» Data for this task:
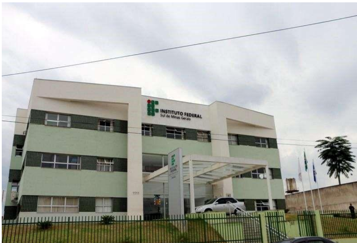
Figura 10 – Fachada do prédio principal da Reitoria do IFSULDEMINAS

bairro Medicina, de Pouso Alegre, onde a Reitoria passou a funcionar. Com o aumento das demandas e a expansão do IFSULDEMINAS, em 2012, um prédio anexo ao antigo endereço se juntou à estrutura, abrigando setores como Diretoria de Tecnologia da Informação, Diretoria de Ingresso e a Pró Reitoria de Desenvolvimento Institucional.
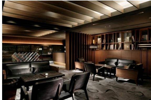
【ザ・キャピトル バーでの優待内容 イメージ】

■Uber Black 初回ご乗車時 10,000 円分が無料に！ラグジュアリーカード会員限定でスペシャルクーポンをプレゼント 2010年に米国サンフランシスコでスタートし、日本では2013年からハイヤー配車サービスであるUber Blackを開始したUber Japanとの取組みにより、Uber Black 初回ご乗車時にご利用いただける10,000円分のスペシャルコードをラグジュアリーカード会員限定で先着1,000名にプレゼントする期間限定の会員優待が開始されました。家やオフィス、お出かけ先などからスマートフォンアプリにて簡単手軽に最適なタイミングでご乗車が可能な為、上質でストレスフリーな移動をご体験いただけます。特別コードお申込期限は2019年10月10日まで、ハイヤーご利用期限は10月31日までとなります。キャンペーン詳細はこちらから： https://myluxurycard.co.jp/info/uber.html
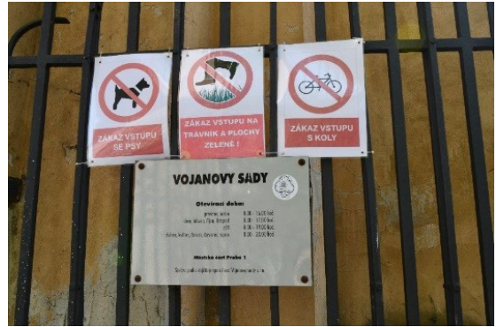
Příloha č. -- : Cedule, Vojanovy sady. Zde je cyklistům vstup zakázáný.
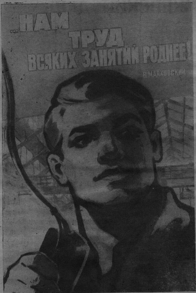
Плакат художника В. Сачкова (ИЗОГИЗ).
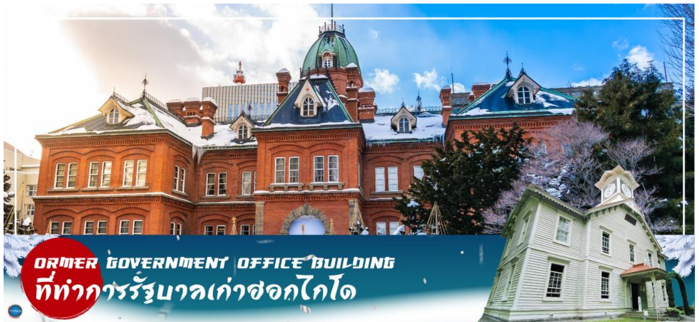
FORMER GOVERNMENT OFFICE BUILDING ที่ทำการรัฐบาลเก่าซอกไกโด

เมืองซัปโปโร – ศาลาว่าการเมืองซอกไกโดหลังเก่า (ด้านนอก) – ผ่านชม หอนาฬิกาเมือง – มิตซึเอาท์เล็ทพาร์ค – ถนนช้อปปิ้งทานุกิโคจิ
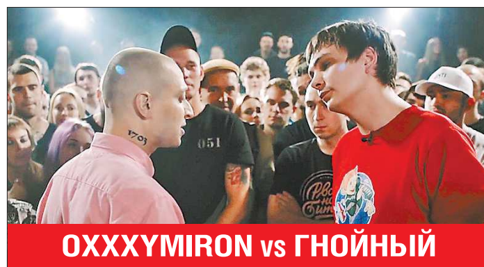
ОХХУМИРОН vs ГНОЙНЫЙ Дискуссии превратились в «драку словами»...
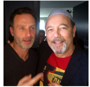
Andrew Lincoln, protagonista de 'The walking dead' y Rubén Blades, en la Comic Con de San Diego.

interesada en cambiar la constitución y las leyes. La gente quiere la tortilla, pero que no se rompan los huevos", dice. De momento le espera el posible éxito que Fear The Walking Dead le pueda proporcionar. Él está curado de espanto, pero igual le quitará más tiempo de acabar colecciones de cómics o de volver a la carretera a presentar su nueva música. Cualquier cosa será bienvenida para ser más sabio y seguir vivo.
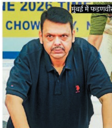
मुंबई में फडणवीस

पीएम के साथ कोलकाता के ऐतिहासिक 'रेड रोड' पर हजारों लोगों ने योग किया। पीएम ने ताड़ासन, अर्धचक्रासन, भद्रासन, त्रिकोणासन सहित 5 आसन किए। कॉमन प्रोटोकॉल योग सत्र के दौरान पीएम लोगों के बीच पहुंचे और उनकी योग मुद्राओं को सुधारने में मदद करते नजर आए। दिल्ली में 12वें अंतरराष्ट्रीय योग दिवस के कार्यक्रम में शामिल हुए केंद्रीय स्वास्थ्य मंत्री जेपी नड्डा ने कहा कि योग मानसिक जागरूकता बढ़ाता है, मन को शांत रखता है और लंबे समय तक काम करने की ऊर्जा देता है।
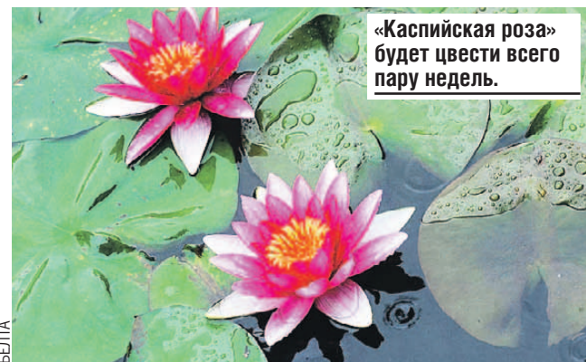
«Каспийская роза» будет цвести всего пару недель.

Финальный аккорд путешествия - увидеть цветущие лотосы. Этот изумительный по красоте и аромату цветок признан символом региона. В этом году бутоны «каспийской розы» появились на две недели позже обычного - в конце июля. Увидеть редкую диковинку можно в авандельте Волги на Дамчикском участке Астраханского заповедника, а также в хорошо прогретых заводях.
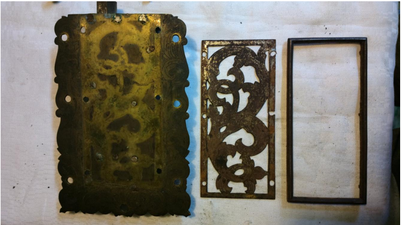
W celu ponownego przymocowania mechanizmu zabezpieczającego została zdjęta stalowa, grawerowana maskownica z ramką.
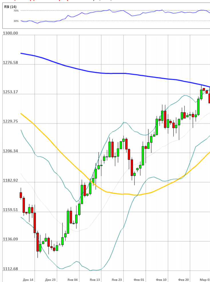
XAU/USD Дневной график Текущая цена 1243.05

Доля длинных позиций на рынке SWFX осталась неизменной и на данный момент равняется 53%.
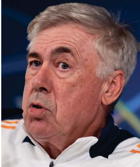
Carlo Ancelotti en la rueda de prensa.

Centrado ya en una semana importante, Carletto enfocó el primero de los dos partidos
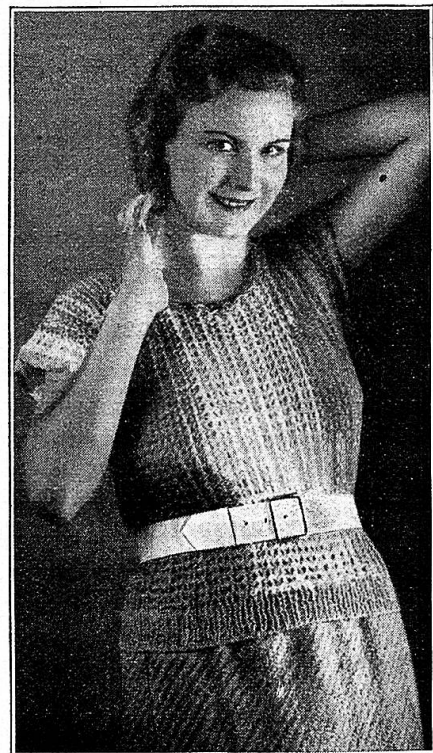
Gehäkelter Pullover, Grösse 44.

Vor Unglück ist kein Mensch versichert, Vor Schaden der, der sich versichert.
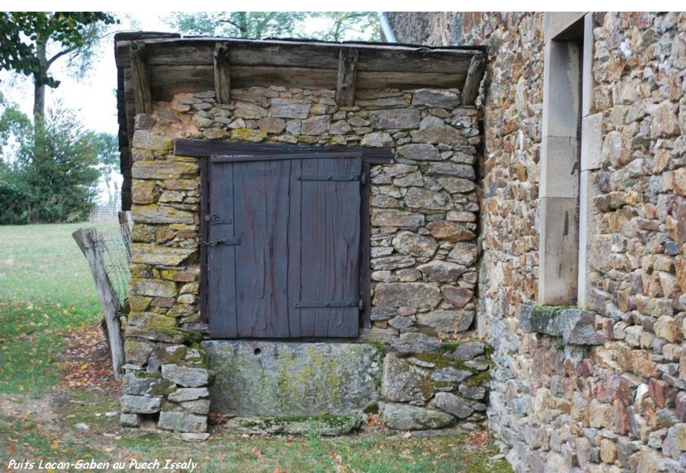
Puits Lacan-Gaben au Puech Issaly
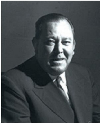
Տրյուգվե Լի (1896-1968 թթ.)

տոնյան է, որը նշանակվում է Գլխավոր ասամբլեայի կողմից՝ Անվտանգության խորհրդի երաշխավորությանը՝ հինգ տարի ժամանակով: ՄԱԿ-ի առաջին գլխավոր քարտուղար ընտրվեց Նորվեգիայի ներկայացուցիչ Տրյուգվե Լին: ՄԱԿ-ի պաշտոնական լեզուներն են՝ անգլերենը, իսպաներենը, չինարենը, ռուսերենը, ֆրանսերենը, արաբերենը:
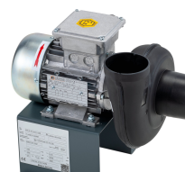
11433 - Modell 3 Radial 380 V, mit Ex-Motor *** mit Schlauch 750 mm ***
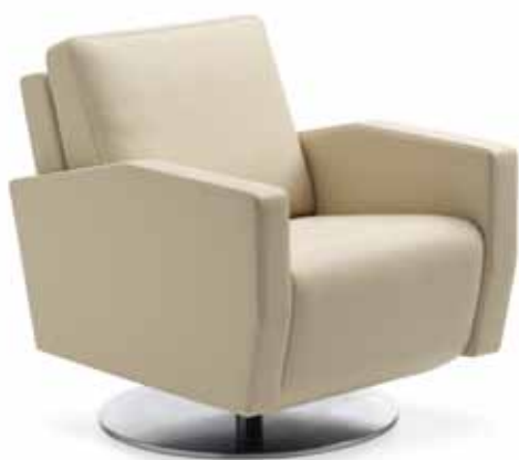
1040 LENIS Fauteuil Nevada sand, Tellerfuss chrom gebürstet
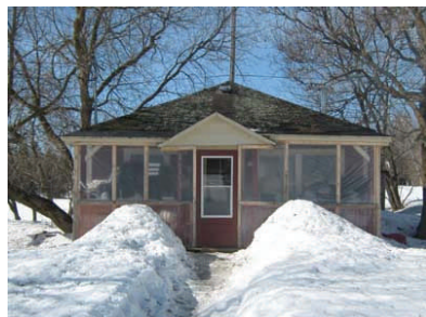
La maison des semis

Outils de jardin, outils pour travaux multiples, grosses boîtes de carton, des restes de tissus, coupes à vin, à desserts, grandes et petites assiettes en verre, bols à soupe, des tablettes, des étagères, une petite armoire étroite, des chaises à jardins, tables pliantes, pots en grès brisés ou en bon état, céramiques, paniers osier, pots à fleurs, gril-lages, clous, vis, moulures.
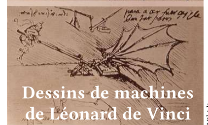
Dessins de machines de Léonard de Vinci
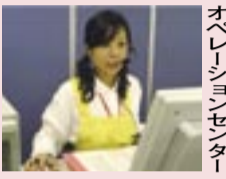
オペレーションセンター

要介護者に対して、夜間(午後10時～午前7時)に定期的、または利用者の求めに応じてホームヘルパーが自宅を訪問し、入浴・排せつ・食事等の介護や日常生活の世話をします。※自宅に専用のケアコール端末(工事はかかりません)を設置します。ケアコールを押すだけでオペレーションセンターの看護師が対応します。介護サービスが必要な時には、ヘルパーが自宅に駆け付け、介護サービスを提供します。
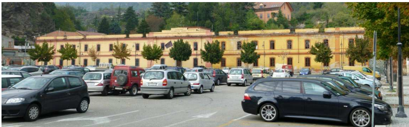
Figura 6 – La caserma vista dal lato sud di piazza d’Armi

Come desumibile dalla ripresa fotografica, è possibile osservare come l’ala attualmente in uso alla Guardia di Finanza (porzione sinistra) abbia cromie differenti rispetto alla parte attualmente in disuso nella quale sono presenti forti elementi di degrado.
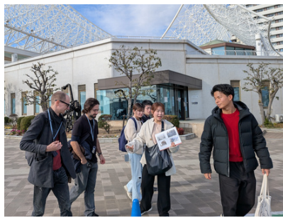
外国人モニターガイドツアーの様子

» What needs to be done:
Pictures are to be left out. Write out only the lines above starting at the one with "տոնյան է, որը" and ending at the one with "Figura 6 – La", both lines included, exactly.

» Answer box:
տոնյան է, որը նշանակվում է Գլխավոր ասամբլեայի կողմից՝ Անվտանգության խորհրդի երաշխավորությանը՝ հինգ տարի ժամանակով: ՄԱԿ-ի առաջին գլխավոր քարտուղար ընտրվեց Նորվեգիայի ներկայացուցիչ Տրյուգվե Լին: ՄԱԿ-ի պաշտոնական լեզուներն են՝ անգլերենը, իսպաներենը, չինարենը, ռուսերենը, ֆրանսերենը, արաբերենը:
11433 - Modell 3 Radial 380 V, mit Ex-Motor *** mit Schlauch 750 mm ***
1040 LENIS Fauteuil Nevada sand, Tellerfuss chrom gebürstet
La maison des semis

Outils de jardin, outils pour travaux multiples, grosses boîtes de carton, des restes de tissus, coupes à vin, à desserts, grandes et petites assiettes en verre, bols à soupe, des tablettes, des étagères, une petite armoire étroite, des chaises à jardins, tables pliantes, pots en grès brisés ou en bon état, céramiques, paniers osier, pots à fleurs, gril-lages, clous, vis, moulures.
Dessins de machines de Léonard de Vinci
オペレーションセンター

要介護者に対して、夜間(午後10時～午前7時)に定期的、または利用者の求めに応じてホームヘルパーが自宅を訪問し、入浴・排せつ・食事等の介護や日常生活の世話をします。※自宅に専用のケアコール端末(工事はかかりません)を設置します。ケアコールを押すだけでオペレーションセンターの看護師が対応します。介護サービスが必要な時には、ヘルパーが自宅に駆け付け、介護サービスを提供します。
Figura 6 – La caserma vista dal lato sud di piazza d’Armi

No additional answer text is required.